As a composer Harriet Abrams was known for somewhat sentimental songs, a number of which are listed in a British Museum catalogue of printed music.  The Orphan's Prayer another combination of a Lewis text and an Abrams tune, published by Lavenu in 1800, is prominent enough (Lavenu was referred to in the recent Hurd article on MT and was instrumental in issuing many songs at the turn and after the turn of the century).  The Abrams setting of the poem entitled The Shade of Henry by Miles Peter Andrews (he was also a member of Parliament) and beginning 'Stranger do you ask me why I still heave the anguish'd sigh…' might be seen to be capitalising on her success with Crazy Jane.  This setting, 'a favourite song set to music with an accompaniment for the harp or piano forte by Miss Abrams', was another song published by Lavenu (1800) and it went into several editions.  Harp and piano forte, as becomes increasingly obvious, were instruments much employed at the time.24

Stationers Hall had also registered a piece that took up Harriet Abrams 'Crazy Jane tune as 'The Popular Air ...  Arranged with Variations for the Piano Forte, by T. Haigh' (1789-1808).  This was on the first of January 1800, certainly pushing the date of Harriet Abrams' original venture further back in time to confirm that probable appearance in 1799, as it was referred to above.26

And in terms of historical time there are early notices of performance ...  The Caledonian Mercury advertised a concert in February 1800 at the George Street Assembly Rooms, Edinburgh where the song 'Crazy Jane' was to be sung by a 'Mr. URBANI'; again, then, suggesting a slightly earlier publication date.  The singer was Pietro Urbani (1749-1816) who worked in London and Glasgow as a musician around 1780 and set up as a music-publisher by 1795 - a venture that, unfortunately, failed.  Eventually, too, he died destitute in Dublin: a fore-runner of what befell several musicians and singers who can be associated with Crazy Jane, as will be shown.

In March of the same year (1800), the Portsmouth Telegraph ... advertised 'the celebrated song of "Crazy Jane," by Mrs. T. Collins' at the end of Act III of the play SPEED THE PLOUGH, at the Portsmouth Theatre.  There are no clues as to which tune was used by either Urbani or Mrs. Collins.  It might just be added that Mrs. Collins was the wife of Mr. T. Collins who sang 'an admired comic song' called The Nottingham Fair during the same performance.  Collins was the Proprietor and Manager of the Portsmouth theatre at this time.  The Nottingham Fair is but one of several pieces that bring us a little closer to the familiar territory of traditional song.26

Whilst there is no mention of Harriet Abrams in these references, a reasonable, early, dateline for the appearance of Crazy Jane as song is secured; and as supporting evidence of the song's popularity the Caledonian Mercury, with an advertisement in May 1800, referred to a performance 'for the benefit' of Mrs.
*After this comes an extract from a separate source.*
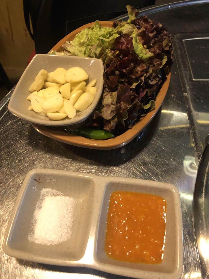 소금이랑 쌈장 쌈채소등이 나옵니다~
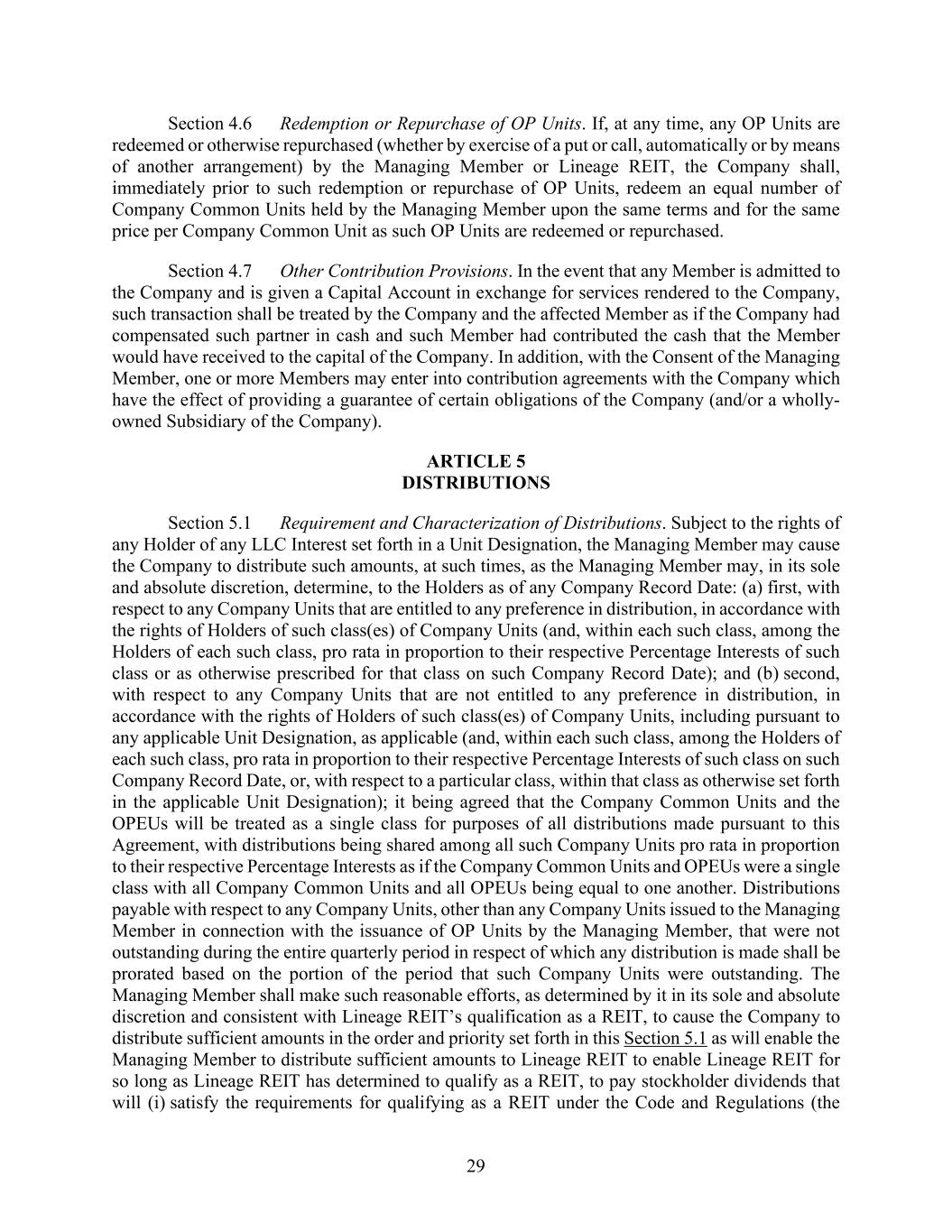 29 Section 4.6 Redemption or Repurchase of OP Units. If, at any time, any OP Units are redeemed or otherwise repurchased (whether by exercise of a put or call, automatically or by means of another arrangement) by the Managing Member or Lineage REIT, the Company shall, immediately prior to such redemption or repurchase of OP Units, redeem an equal number of Company Common Units held by the Managing Member upon the same terms and for the same price per Company Common Unit as such OP Units are redeemed or repurchased. Section 4.7 Other Contribution Provisions. In the event that any Member is admitted to the Company and is given a Capital Account in exchange for services rendered to the Company, such transaction shall be treated by the Company and the affected Member as if the Company had compensated such partner in cash and such Member had contributed the cash that the Member would have received to the capital of the Company. In addition, with the Consent of the Managing Member, one or more Members may enter into contribution agreements with the Company which have the effect of providing a guarantee of certain obligations of the Company (and/or a wholly- owned Subsidiary of the Company). ARTICLE 5 DISTRIBUTIONS Section 5.1 Requirement and Characterization of Distributions. Subject to the rights of any Holder of any LLC Interest set forth in a Unit Designation, the Managing Member may cause the Company to distribute such amounts, at such times, as the Managing Member may, in its sole and absolute discretion, determine, to the Holders as of any Company Record Date: (a) first, with respect to any Company Units that are entitled to any preference in distribution, in accordance with the rights of Holders of such class(es) of Company Units (and, within each such class, among the Holders of each such class, pro rata in proportion to their respective Percentage Interests of such class or as otherwise prescribed for that class on such Company Record Date); and (b) second, with respect to any Company Units that are not entitled to any preference in distribution, in accordance with the rights of Holders of such class(es) of Company Units, including pursuant to any applicable Unit Designation, as applicable (and, within each such class, among the Holders of each such class, pro rata in proportion to their respective Percentage Interests of such class on such Company Record Date, or, with respect to a particular class, within that class as otherwise set forth in the applicable Unit Designation); it being agreed that the Company Common Units and the OPEUs will be treated as a single class for purposes of all distributions made pursuant to this Agreement, with distributions being shared among all such Company Units pro rata in proportion to their respective Percentage Interests as if the Company Common Units and OPEUs were a single class with all Company Common Units and all OPEUs being equal to one another. Distributions payable with respect to any Company Units, other than any Company Units issued to the Managing Member in connection with the issuance of OP Units by the Managing Member, that were not outstanding during the entire quarterly period in respect of which any distribution is made shall be prorated based on the portion of the period that such Company Units were outstanding. The Managing Member shall make such reasonable efforts, as determined by it in its sole and absolute discretion and consistent with Lineage REIT’s qualification as a REIT, to cause the Company to distribute sufficient amounts in the order and priority set forth in this Section 5.1 as will enable the Managing Member to distribute sufficient amounts to Lineage REIT to enable Lineage REIT for so long as Lineage REIT has determined to qualify as a REIT, to pay stockholder dividends that will (i) satisfy the requirements for qualifying as a REIT under the Code and Regulations (the

Kemble at the Theatre Royal, Edinburgh during which one might hear:

Click grahic above for MIDI file playback.

***

The Abrams connections blossomed during the period between 1801 and 1805.  Sometimes, preference for a particular setting is somewhat unclear as the case of a 'Mrs. Bland' exemplifies although the odds eventually yield a positive conclusion, given below.  One early on-line record invokes the name of the singer Maria Bland (1769-1838, born Maria Theresa Romanzini) through whom, in 1799 (my italics: the date is significant in appearing to confirm the issue of the song in one setting or another before 1800), Crazy Jane became 'a hit' in London after Mrs. Bland apparently 'sang it four times in two weeks as an entr'acte piece at Drury Lane'.28

It may well be that the reference given above is actually shorthand for advertisement and comment in newspapers.  In date order, there was a benefit - already noticed in the case of Mrs. Mountain and an important aspect of a theatrical career as discussed further below - that was to be held for Mrs. Bland at The Royal Drury Lane in 1803 at a performance of As You Like It ... when 'In the courfe of the Evening, (by most particular defire, and for one Night only) Mrs. Bland will fing the popular Ballad of 'Crazy Jane' ...'  At a performance of Much Ado About Nothing in 1803, again at the Royal, Drury Lane, 'For the benefit of Mr. FOSBROOK, Box book and Houfe-keeper', Mrs. Bland 'by moft particular defire' sang the 'popular ballad' Crazy Jane.  There was also an advertisment for the King's theatre in 1803, where there was a performance of 'LOVE FOR LOVE ... NOT ACTED THESE THREE YEARS' and 'For the benefit of Mr. CAULFIELD and Mr. SEDGWICK'.  At the end of Act IV, 'by moft particular defire' Ms. Bland would sing 'the popular ballad' of Crazy Jane. Then, in 1804 at the Royal Drury Lane at a performance of Pizarro, 'In the courfe of the evening', Mrs. Bland sang 'the favourite Ballad of 'Crazy Jane''.  It can also be seen how the song appeared in different theatrical contexts - plays and an opera (Pizarro).29

Where Mrs. Bland's name is invoked there is no direct mention anywhere of the Harriet Abrams tune but one commentary notes that Mrs. Bland, held to be the best ballad singer of her generation (the word 'ballad' is considered further below in text), was:

This reference would seem to offer a strong association between Mrs. Bland and the Abrams setting.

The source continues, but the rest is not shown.